Now, I know what you’re thinking, Another allocator? Didn’t we just get done with SLUB?
The basic idea is to create isolated pools of memory for specific kernel subsystems, especially those that deal with user-controlled data. By segregating these allocations, we make it much harder for attackers to reliably exploit UAF bugs through techniques like heap spraying or type confusion attacks.

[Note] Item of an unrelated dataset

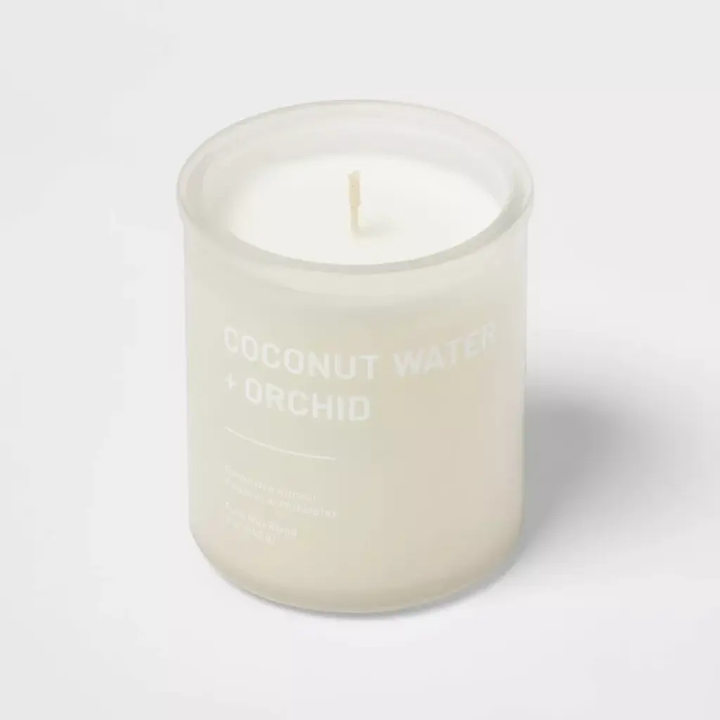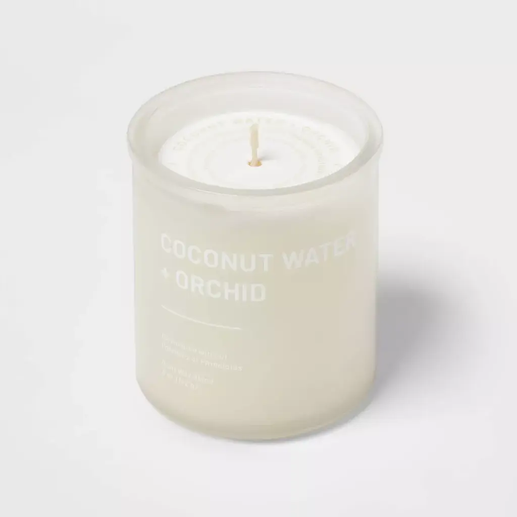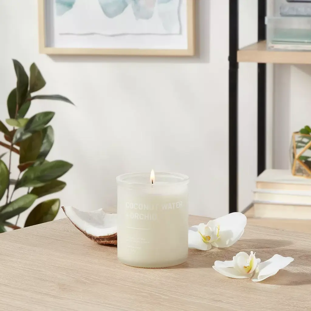 Relax and recharge your senses with the Glass Jar Coconut Water and Orchid Candle Cream by Project 62™. Delighting your home with a sweet, creamy and invigorating scent, this candle combines notes of coconut water, orchid to set the mood. Made with a plant-based wax blend, this candle burns cleaner and longer, allowing you to truly sink into the coconut –orchid bliss. Pamper yourself and let the warm glow of this coconut water and orchid candle fill your space. Modern pieces made for everyday living.
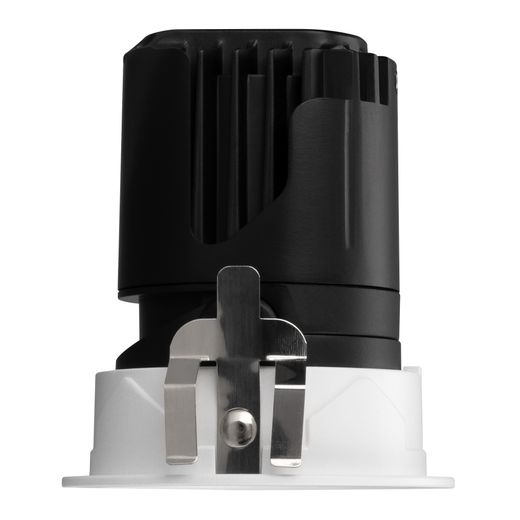 Встраиваемый светильник даунлайт. Мощность 7 Вт, св. поток 405 лм, 58 лм/Вт, теплый 3000 K, CRI>92, угол 24°, напряжение питания 230 В. Белый круглый корпус из алюминия, черный матовый отражатель, степень защиты IP20 . Размер: диаметр 62 мм, высота 72 мм. Монтаж встраиваемый, установочное отверстие: диаметр 55 мм. Драйвер, 27-42 В, 150 мА, пульсация <0,5%.

Let’s look at the core of this new API:
struct kmem_buckets {
struct kmem_cache *caches[ARRAY_SIZE(kmalloc_caches[KMALLOC_NORMAL])];
};
// function to create kmem_buckets object
// takes name, align, flags, offset, size and a constructor function
struct kmem_buckets *
kmem_buckets_create(const char *name, unsigned int align, slab_flags_t flags,
unsigned int useroffset, unsigned int usersize,
void (*ctor)(void *))
{
struct kmem_buckets *b; // pointer to our kmem_buckets object
int idx;
// allocate memory for kmem_buckets and zero it out
b = kmem_cache_alloc(kmem_buckets_cache, GFP_KERNEL|__GFP_ZERO);
// check if allocation failed, and warn if it did
if (WARN_ON(!b))
return NULL; // bail out if no memory
// loop through the kmalloc_caches array
for (idx = 0; idx < ARRAY_SIZE(kmalloc_caches[KMALLOC_NORMAL]); idx++) {
char *short_size, *cache_name;
unsigned int size;
// skip empty cache slots
if (!kmalloc_caches[KMALLOC_NORMAL][idx])
continue;
// get the object size from the current cache
size = kmalloc_caches[KMALLOC_NORMAL][idx]->object_size;
if (!size)
continue; // if size is 0, move on
// find the '-' in the cache name to separate it out
short_size = strchr(kmalloc_caches[KMALLOC_NORMAL][idx]->name, '-');
// if no '-' found, something's weird, so bail
if (WARN_ON(!short_size))
goto fail;
// create a new cache name like "name-suffix"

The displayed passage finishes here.